=== What needs to be done ===
Include the line containing "Жилетный пистолет с" and every line after it up to the end of the material below; reproduce them exactly and drop the pictures.

=== Recorded data ===
★ ★ ★ ★ ★

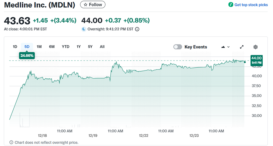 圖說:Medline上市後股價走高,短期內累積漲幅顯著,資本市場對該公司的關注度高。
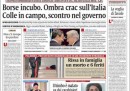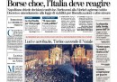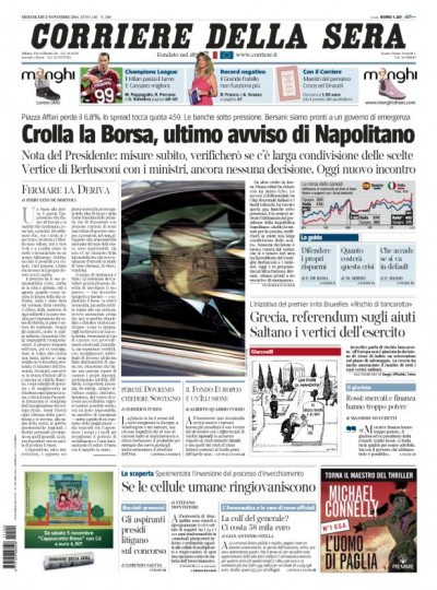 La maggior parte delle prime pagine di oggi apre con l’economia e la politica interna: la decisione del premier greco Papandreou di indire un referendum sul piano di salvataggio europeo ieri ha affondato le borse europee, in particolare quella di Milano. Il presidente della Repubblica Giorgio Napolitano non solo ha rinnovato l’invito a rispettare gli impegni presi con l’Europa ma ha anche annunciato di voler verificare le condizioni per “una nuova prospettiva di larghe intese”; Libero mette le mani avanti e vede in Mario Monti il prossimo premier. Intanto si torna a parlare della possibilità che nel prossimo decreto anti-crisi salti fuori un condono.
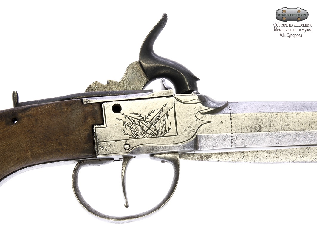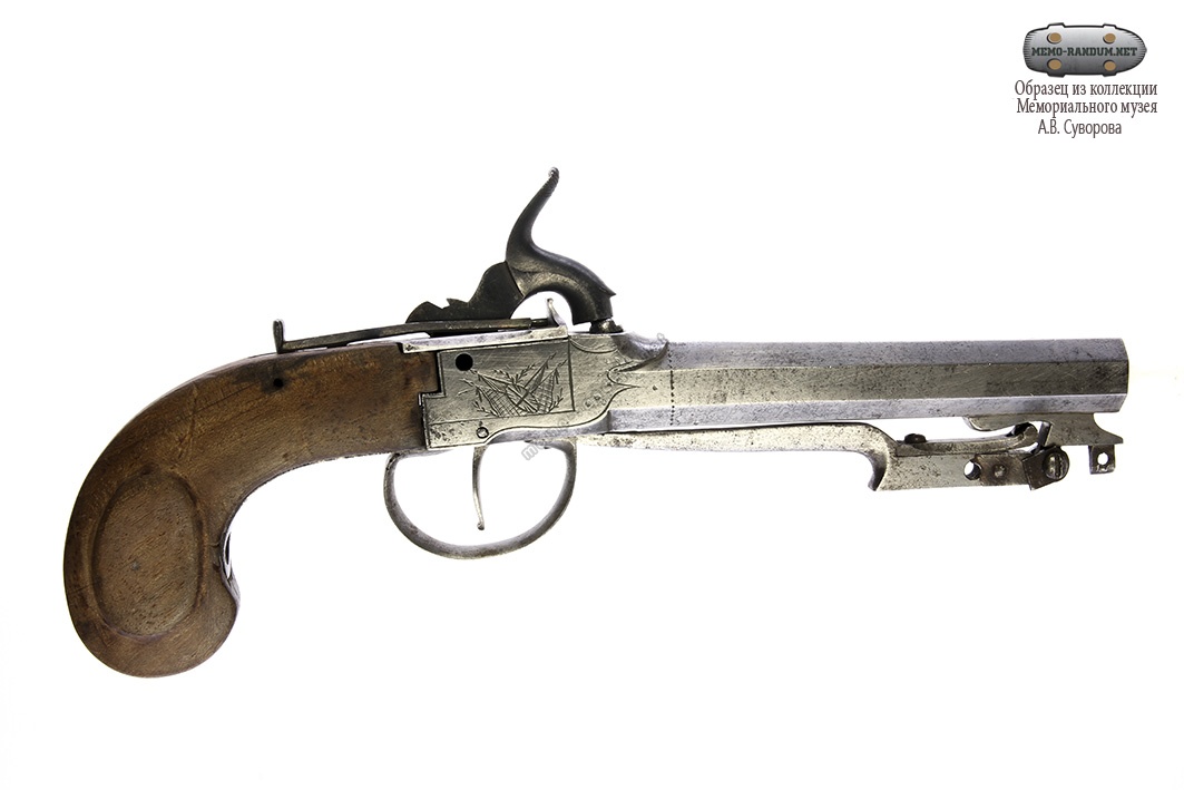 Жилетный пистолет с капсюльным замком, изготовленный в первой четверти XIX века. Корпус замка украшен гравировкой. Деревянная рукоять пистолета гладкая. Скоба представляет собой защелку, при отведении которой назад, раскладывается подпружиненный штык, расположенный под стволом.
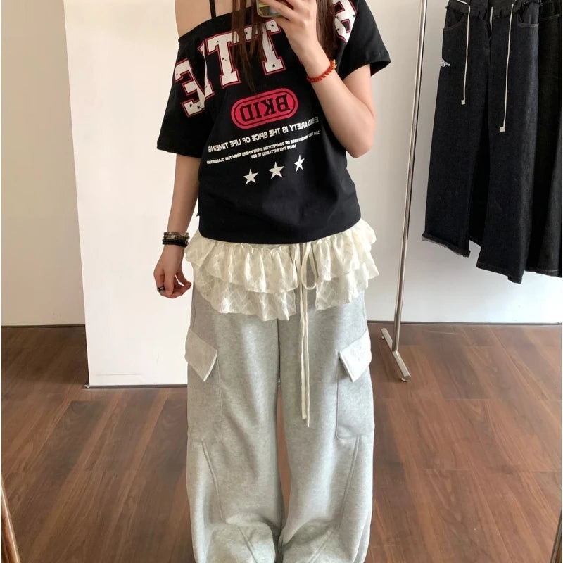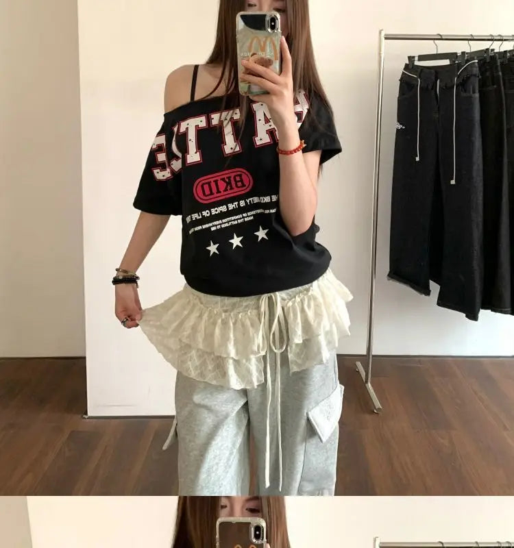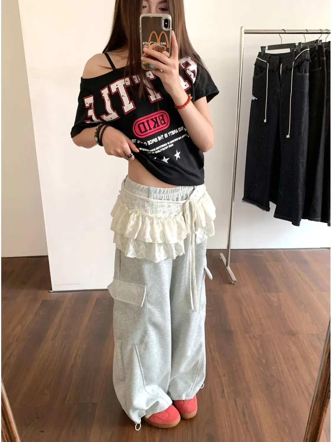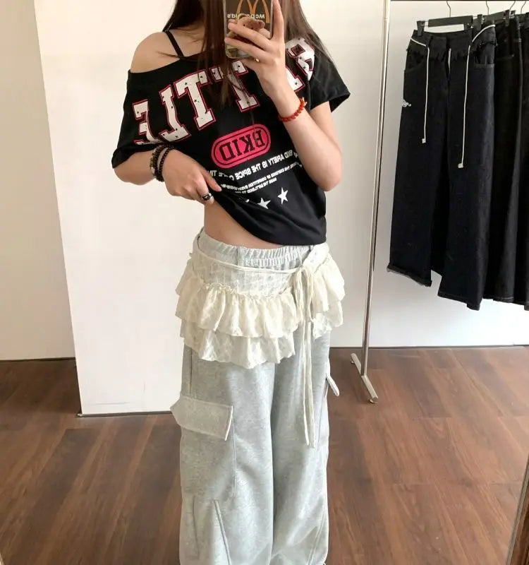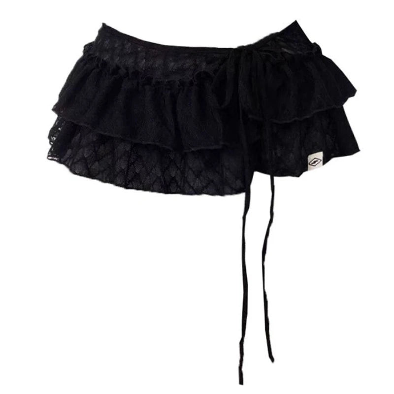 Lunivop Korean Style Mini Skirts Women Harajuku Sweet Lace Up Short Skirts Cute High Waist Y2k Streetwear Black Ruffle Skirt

★ ★ ★ ★ ★

=== Answer space ===
 Жилетный пистолет с капсюльным замком, изготовленный в первой четверти XIX века. Корпус замка украшен гравировкой. Деревянная рукоять пистолета гладкая. Скоба представляет собой защелку, при отведении которой назад, раскладывается подпружиненный штык, расположенный под стволом.
 Lunivop Korean Style Mini Skirts Women Harajuku Sweet Lace Up Short Skirts Cute High Waist Y2k Streetwear Black Ruffle Skirt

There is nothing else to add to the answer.